🤖 AI Summary
Generative models for cosmological simulations suffer from poor scalability, physical inconsistency, and violations of translational/rotational symmetries—hindering their replacement of N-body simulations. To address this, we propose a novel score-based diffusion framework that couples topology-aware noise scheduling with an equivariant graph neural network, enabling, for the first time, full-scale point-cloud generation of large-scale structure at the 600,000-halo level. Our method integrates physically informed priors, explicit modeling of periodic boundary conditions, and geometric constraints to rigorously preserve the fundamental symmetries of cosmological systems. Experiments demonstrate that the generated point clouds significantly outperform existing diffusion models in clustering statistics—including the two-point correlation function—while achieving a tenfold improvement in computational efficiency. Crucially, physical fidelity approaches that of high-fidelity N-body simulations.

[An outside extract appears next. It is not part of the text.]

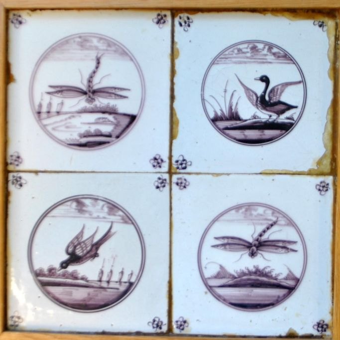 Firpas, animal tiles, manganese colored, 18th century Holland. Decorations with duck, dove and dragonflies. Corner ornamentation in the form of bees. 26 x 26 cm.

This work establishes a new paradigm for efficient, high-fidelity simulation of cosmic structure formation.
📝 Abstract
Generative models are a promising tool to produce cosmological simulations but face significant challenges in scalability, physical consistency, and adherence to domain symmetries, limiting their utility as alternatives to $N$-body simulations. To address these limitations, we introduce a score-based generative model with an equivariant graph neural network that simulates gravitational clustering of galaxies across cosmologies starting from an informed prior, respects periodic boundaries, and scales to full galaxy counts in simulations. A novel topology-aware noise schedule, crucial for large geometric graphs, is introduced. The proposed equivariant score-based model successfully generates full-scale cosmological point clouds of up to 600,000 halos, respects periodicity and a uniform prior, and outperforms existing diffusion models in capturing clustering statistics while offering significant computational advantages. This work advances cosmology by introducing a generative model designed to closely resemble the underlying gravitational clustering of structure formation, moving closer to physically realistic and efficient simulators for the evolution of large-scale structures in the universe.